**GIVEN ENTRIES:**

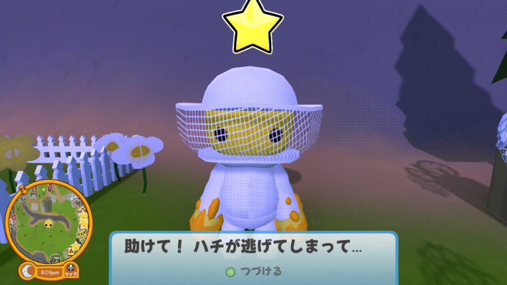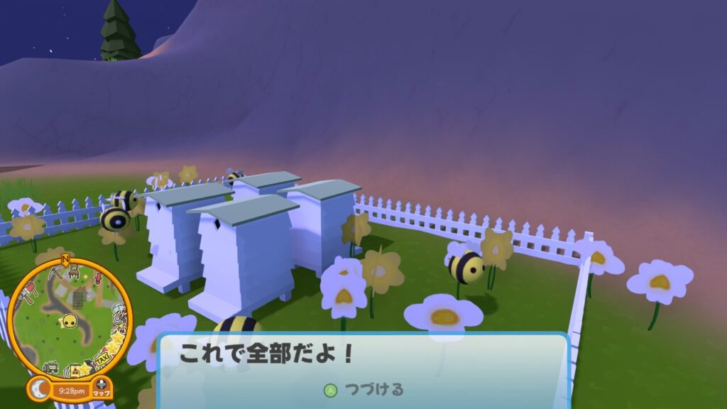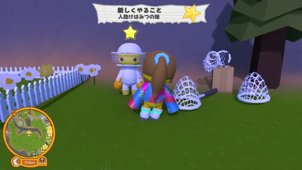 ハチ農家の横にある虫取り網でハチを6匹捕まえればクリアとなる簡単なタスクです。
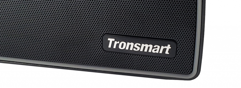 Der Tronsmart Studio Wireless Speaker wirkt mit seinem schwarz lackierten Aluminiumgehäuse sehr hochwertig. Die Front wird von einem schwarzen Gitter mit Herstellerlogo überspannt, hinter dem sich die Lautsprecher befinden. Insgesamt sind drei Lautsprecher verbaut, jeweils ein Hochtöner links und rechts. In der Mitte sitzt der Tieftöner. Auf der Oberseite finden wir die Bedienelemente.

...

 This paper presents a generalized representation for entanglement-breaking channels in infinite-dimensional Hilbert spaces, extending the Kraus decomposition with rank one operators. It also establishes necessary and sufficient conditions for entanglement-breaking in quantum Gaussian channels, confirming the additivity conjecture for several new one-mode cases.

==

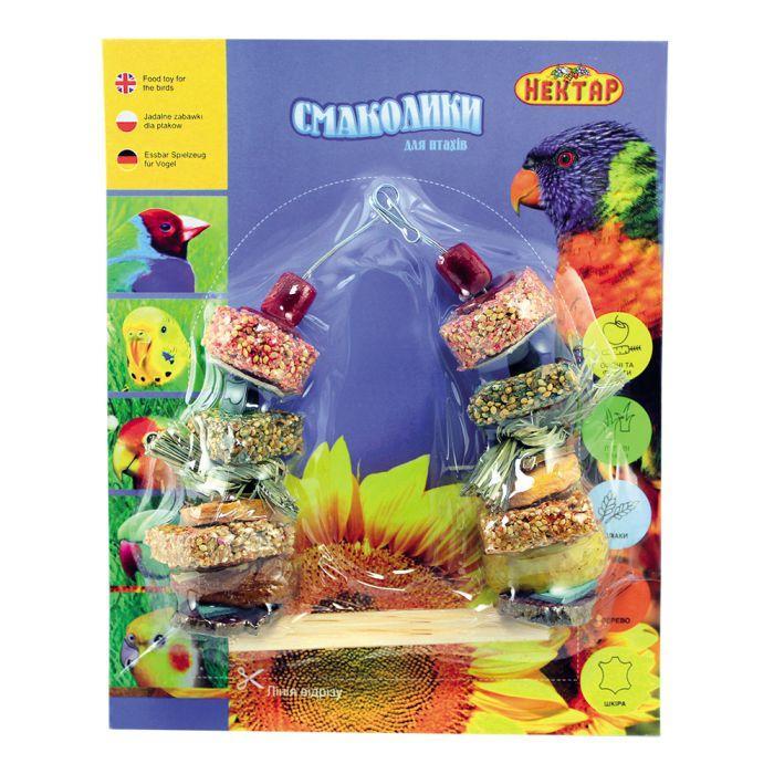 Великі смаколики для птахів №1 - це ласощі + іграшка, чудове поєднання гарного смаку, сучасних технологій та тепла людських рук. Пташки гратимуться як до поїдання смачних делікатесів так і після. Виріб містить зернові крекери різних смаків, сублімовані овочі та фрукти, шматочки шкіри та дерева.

**TASK DESCRIPTION:**
In the listing above, find the line with "ハチ農家の横にある虫取り網でハチを6匹捕まえればクリアとなる簡単なタスクです。" and the line with "Der Tronsmart Studio". Copy exactly those two and every line between, without the pictures.

**SOLUTION:**
 ハチ農家の横にある虫取り網でハチを6匹捕まえればクリアとなる簡単なタスクです。
 Der Tronsmart Studio Wireless Speaker wirkt mit seinem schwarz lackierten Aluminiumgehäuse sehr hochwertig. Die Front wird von einem schwarzen Gitter mit Herstellerlogo überspannt, hinter dem sich die Lautsprecher befinden. Insgesamt sind drei Lautsprecher verbaut, jeweils ein Hochtöner links und rechts. In der Mitte sitzt der Tieftöner. Auf der Oberseite finden wir die Bedienelemente.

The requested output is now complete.